Susan Rinkunas (left) and Garnet Henderson celebrate Autonomy News’s launch, June 2025. Photograph: Susan Rinkunas
Those sites shaped a robust media landscape of the 2010s, including reporting on the Tea Party and Occupy Wall Street movements and insider politics that mainstream media often missed. While online media’s early days were bolstered by billions of dollars in ad revenue, advertising dollars moved from internet news to tech companies like Facebook and Google over the next decade. Falling revenues led publications to be put up for sale and eventually purchased by corporate owners or private equity firms that laid off news staff or shut down news sites entirely, leading to the industry’s current contraction. In 2025 alone, more than 17,000 people were cut across media, up 18% from 2024, according to a recent report from outplacement firm Challenger, Gray & Christmas.
As attention has shifted to influencers across social media, videos and podcasts in recent years, Caplan noted, audiences have become more attracted to independent creators and niche reporting.

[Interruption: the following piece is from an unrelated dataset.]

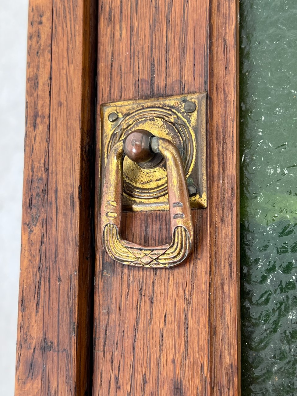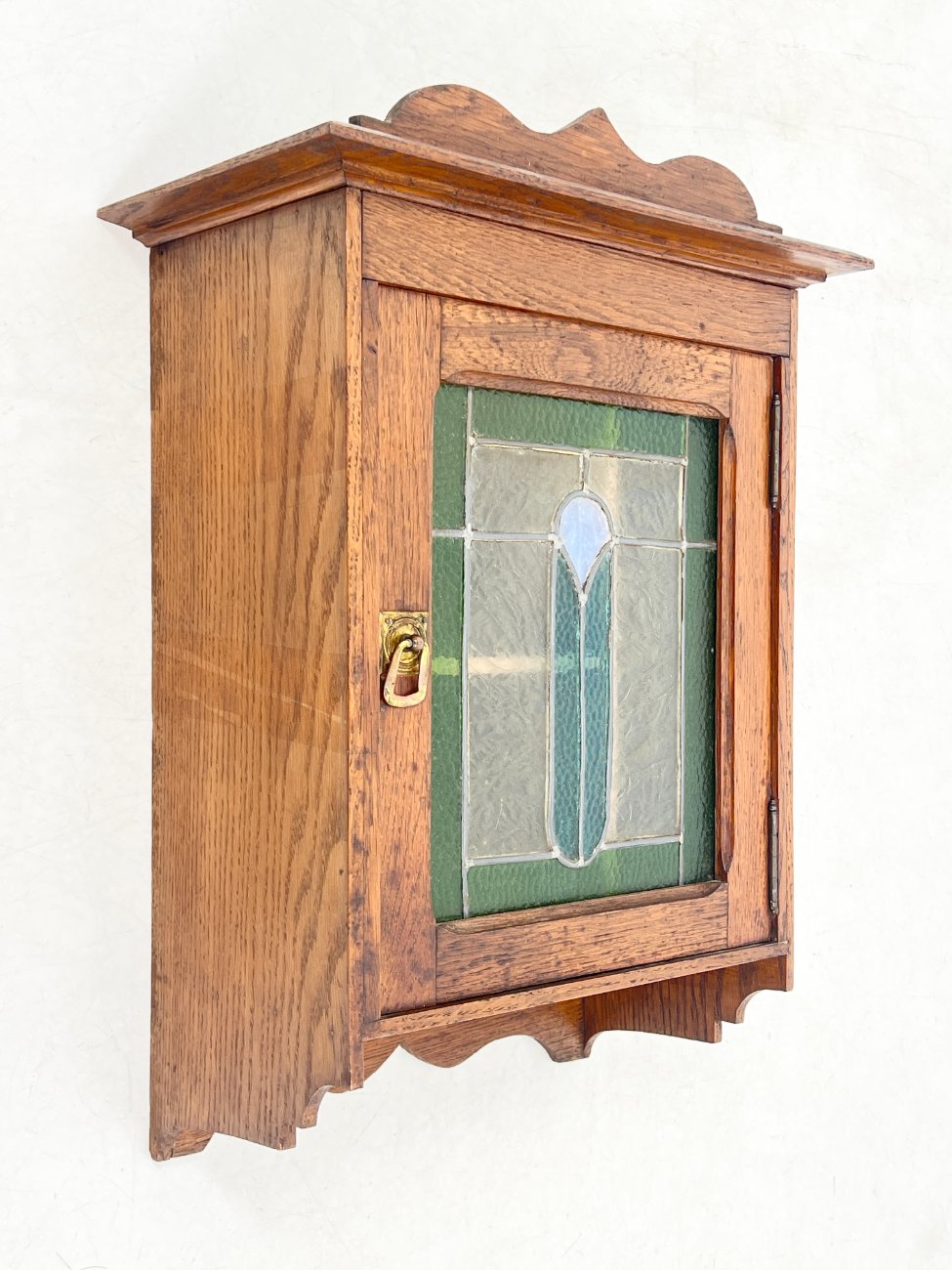 Senovinė ąžuolinė pakabinama spintelė su vitražu.

While the blogs of the 2010s often had large teams and websites, independent journalists tend to run their own publications alone or with a partner, thanks to easy-to-use newsletter platforms like Substack, Beehiiv and Ghost.
“One of the powerful elements that attracts people to individual creators is that they can see this person and understand what’s driving this person,” he said. “Those individuals, in many cases, feel less constrained because they’re not driven by a corporate agenda.”

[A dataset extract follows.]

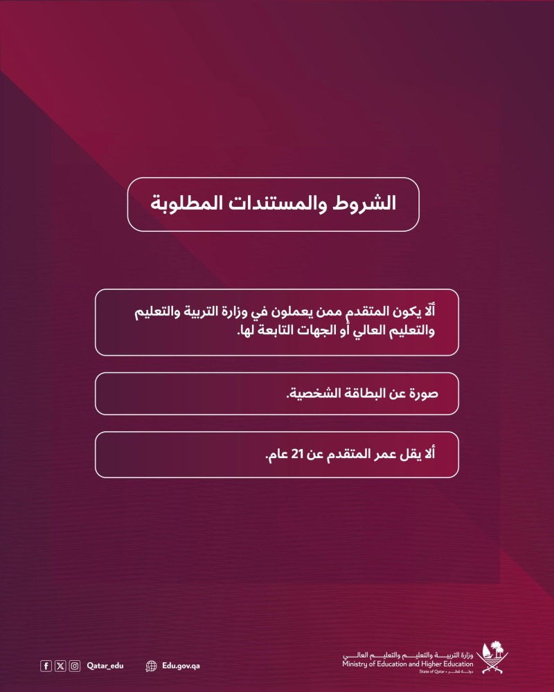 وتكون عملية استقبال الطلبات إلكترونياً على موقع وزارة التربية والتعليم عبر بوابة "فتح منشأة تعليمية جديدة" على الرابط: https://edulicenses.edu.gov.qa، بشروط ومتطلبات خاصة بالمالك والمبنى المدرسي والجانب الأكاديمي، وفقاً لدليل شروط وإجراءات منح تراخيص المدارس الخاصة.

Navigating legal risks and concerns
Reporting on hot-button issues during the current political climate with a litigious president carries certain risks. Before Autonomy News’s launch, Henderson and Rinkunas approached Lawyers for Reporters, which provides pro bono legal services for news organizations, to supply pre-publication review for any investigative or accountability reporting.

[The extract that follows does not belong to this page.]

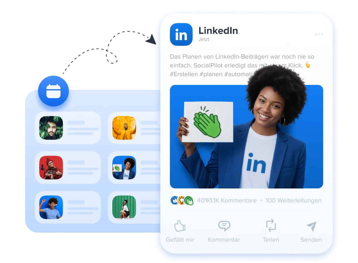 Verbessern Sie Ihre Sichtbarkeit auf LinkedIn, indem Sie Posts, Karussells und Dokumente mit SocialPilot LinkedIn Post Scheduler effizient planen.

For even more legal protection, the journalists secured an Immediate Needs Fund grant – supported by the MacArthur Foundation via the non-profit Tiny News Collective – which they’re using to pay for media liability insurance. “We talked about from the very beginning that we wanted to be able to do this ambitious investigative work, but that requires resources,” Henderson said. “Not only in terms of the tremendous amount of time that investigative reporting takes, but also that you need legal review. I’m certainly sleeping better now that we have media liability insurance.”
Kabas and Urquhart both have lawyers who read over any stories of concern for their respective publications. Still, they note the need for greater legal infrastructure for independent journalists. To prevent potential censorship, Urquhart has moved Assigned Media’s servers outside of the US and is looking to move the site off an American-based company.
404 Media founders (from left) Emanuel Maiberg, Samantha Cole, Jason Koebler (on floor) and Joseph Cox. Photograph: Sharon Attia
“There’s been a lot of stuff that, on paper, shouldn’t be legal, that nonetheless has managed to happen under this administration, and I’m very eyes-open on that,” Urquhart said. “I’m concerned about legal and government suppression, more broadly. I take it very seriously. I try and be really aware of what the risks are.”
Caplan said more independent journalism projects are likely to pop up in the coming years, but collaboration will be key as they navigate not only legal risks, but also infrastructure issues like trainings, health insurance and protection from physical harm.
“For that independence to remain strong and vibrant, we need some institutions that essentially help support those individuals and independent journalists and independent news organizations,” he said. “We already have some of those, but we need to see those continue to grow and flourish.”